Condroz Explained

The Condroz (in French pronounced as /kɔ̃dʁo/) is a natural region in Wallonia, the French-speaking part of Belgium, located between the Ardennes and the Meuse. Its unofficial capital is Ciney. The region preserves the name of the Condrusi, a Germanic tribe which inhabited the area during and before the Roman era.

Compared to other parts of Belgium, the Condroz is a sparsely populated, agricultural area. It consists of low hills of an average altitude of about 200 to 300 meters (670–970 feet). It is mainly situated in the provinces of Liège and Namur and also in smaller parts of the Belgian provinces of Hainaut and Luxembourg. It is bordered in the north by the Meuse river, in the east by the Ardennes, in the south by the Famenne region.
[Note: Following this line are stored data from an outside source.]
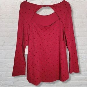 NWT Old Navy Polka Dot red long sleeve womans shirt blouse open twisted back L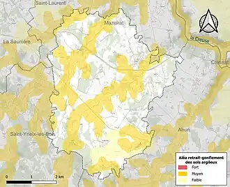 Le retrait-gonflement des sols argileux est susceptible d'engendrer des dommages importants aux bâtiments en cas d’alternance de périodes de sécheresse et de pluie. 39,3 % de la superficie communale est en aléa moyen ou fort (33,6 % au niveau départemental et 48,5 % au niveau national). Sur les 141 bâtiments dénombrés sur la commune en 2019, 39 sont en aléa moyen ou fort, soit 28 %, à comparer aux 25 % au niveau départemental et 54 % au niveau national. Une cartographie de l'exposition du territoire national au retrait gonflement des sols argileux est disponible sur le site du BRGM[13],[Carte 2].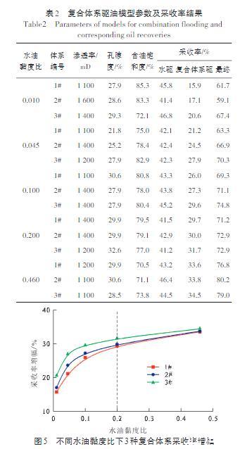 为验证上述判断,同时确定上述界限值,补充了水油黏度比分别为0.010,0.100和0.200条件下的驱油实验,模型参数及采收率结果汇总如表2和图5所示。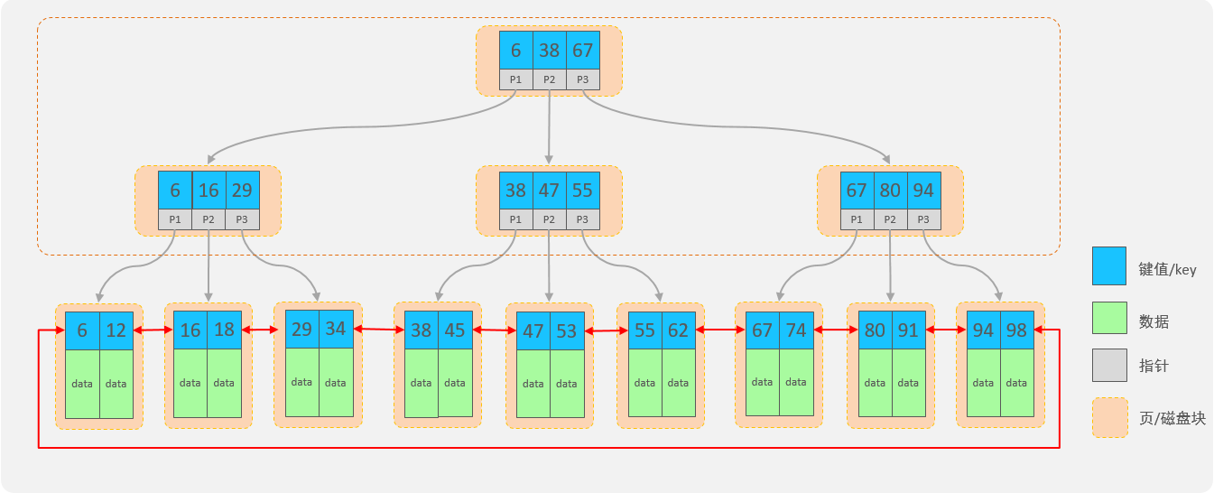 - 为了提高范围查询效率,叶子节点形成了一个双向链表,便于数据的排序及区间范围查询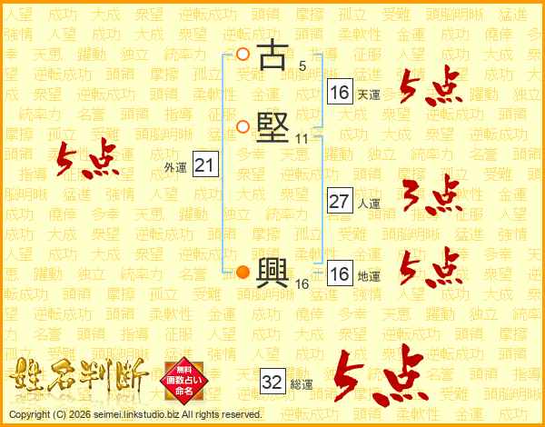古堅興さんの天運は16画の5点!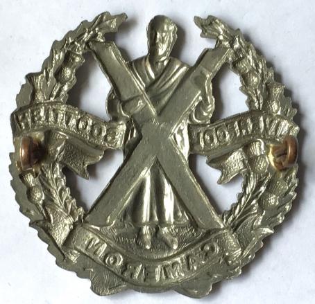 Nice example of a w/m cap badge . Good detail, no rubbing or damage. Longer lugs for use on the feather bonnet. V.G.C. with nice age toning.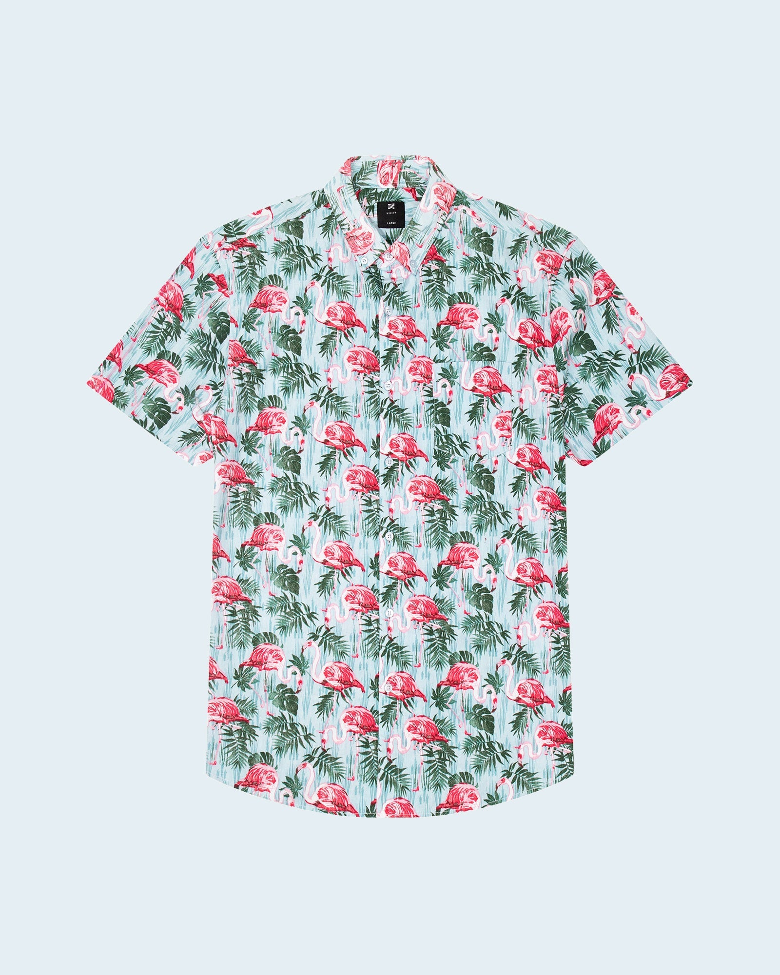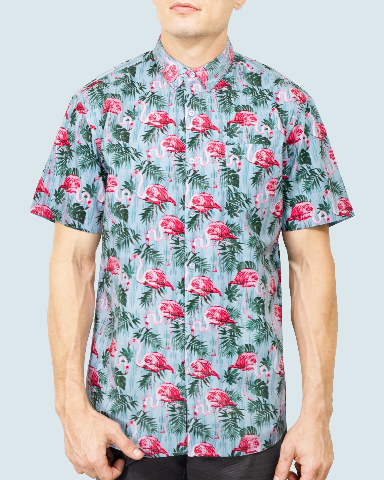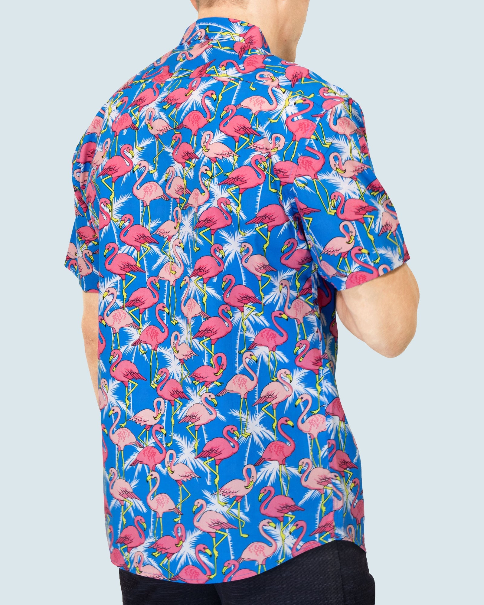 Mens Button Down Shirts - Novelty Prints (Flamingo Palm - Pink)

Historically, the Condroz did not stretch west of the Meuse, but today there is a western section, south of Namur and the Sambre river stretching to the Thiérache and southern Hainaut.

History

Very little is known of the Roman era Condrusi, after whom the region was originally named. Julius Caesar described them and the Segni as living between the Eburones, to their north, and the Treviri, who lived to their south in the area of what is now Arlon, Luxembourg and the Moselle region in modern Germany and France.

From the fragmentary evidence it is known that citizens of the pagus or country of the Condrusi lived within the larger civitas of the Tungri, the Civitas Tungrorum, which had its capital in Tongeren. They fought in the Roman military and could earn Roman citizenship.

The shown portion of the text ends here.